Tricks with Unicode characters are not the only way. For example, in C-like languages, there are preprocessor directives that can determine which code should be compiled and which should not. You can put code of completely different languages into uncompiled code. For example, below you can find a polyglot code in C++ and Python (taken from here), where #if false
section contains Python code. And the sequences '''
start and finish comments in Python.
#include <stdio.h>
#if false
print "Hello world"
'''
#endif
int main() {
printf("Hello world");
return 0;
}
#if false
'''
#endif
In HTML, for example, comments begin with the sequence <!--
, which can also be used. There are also more complex polyglots that work simultaneously in six or even sixteen languages. The first polyglot displays "hitforum" message for all languages and the second one works more interestingly: it displays the name of the language in which it is compiled or interpreted.

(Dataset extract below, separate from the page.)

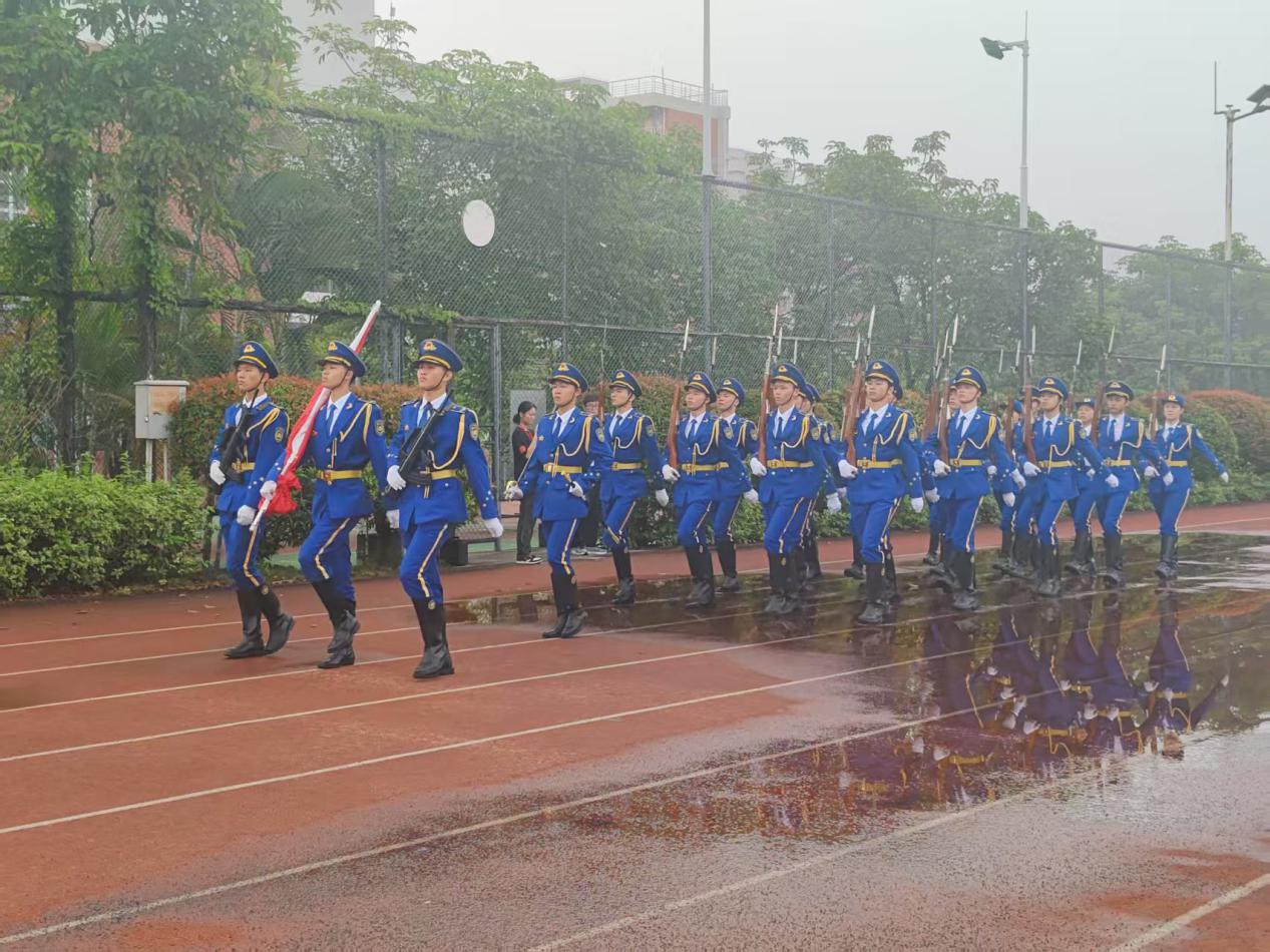 国旗护卫队迈着整齐的正步护送国旗入场,旗角在晨风中飘扬,当嘹亮的国歌响起,五星红旗在晨光中舒展,缓缓上升。全体师生肃穆而立,全神贯注,对国旗行注目礼,心中激荡着对祖国的崇敬与热爱。

Polyglot code in C, Shell, Perl, Brainfuck, Befunge, Whitespace
# define x u /* v
# :::::::::::::::::::>>>>>>>$$$a"muroftih"#[>:#,_@]
eval 'echo "hitforum";exit';sub echo { print "@_\n"}
__END__>++++++++++>++++++++++[>+++++++++++>++++++++++
+<<-]>------.+.>++++++.<---.+++++++++.>--.+++
.<--.<<. */
main() { printf ("hitforum\n"); }
# /* [ <!-- */ include <stdio.h> /* #`{{coding=utf-8"true" if 0 != 0 and q != """0" ; ` if [ -n "$ZSH_VERSION" ]; then echo exec echo I\'m a zsh script.; elif [ -n "$BASH_VERSION" ]; then echo exec echo I\'m a bash script.; else echo exec echo I\'m a sh script.; fi`; #!;#BEGIN{print"I'm a ", 0 ? "Ruby" :"Perl", " program.\n"; exit; }
#%q~
set =dummy 0; puts [list "I'm" "a" "tcl" "script."]; exit
all: ; @echo "I'm a Makefile." #*/
/*: */ enum {a, b}; static int c99(void) {
#ifndef __cplusplus /* bah */
unused1: if ((enum {b, a})0) (void)0;
#endif
unused2: return a; } static int trigraphs(void) { return sizeof "??!" == 2; } char X; int main(void) { struct X { char a[2]; }; if (sizeof(X) != 1) { printf("I'm a C++ program (trigraphs %sabled).\n", trigraphs() ? "en" : "dis"); }else if (1//**/2
)unused3 : { ; printf("I'm a C program (C%s, trigraphs %sabled).\n", c99() ? "89 with // comments" : "99", trigraphs() ? "en" : "dis"); } else { printf("I'm a C program (C89, trigraphs %sabled).\n", trigraphs() ? "en" : "dis"); } return 0; } /*
# \begin{code}
import Prelude hiding ((:)); import Data.List (intercalate); import Language.Haskell.TH; import Data.String; default (S, String, Integer, Double); data S = S; instance Eq S where { _ == _ = False }; instance IsString S where { fromString = const S }; ifThenElse c t e = case c of True -> t; False -> e
cPP = False; {-
#define cPP True
-} main :: IO ()
main = putStr ("I'm a Literate Haskell program" ++ bonus ++ ".\n") where
_ = (); bonus | null details = "" | otherwise = " (" ++ details ++ ")"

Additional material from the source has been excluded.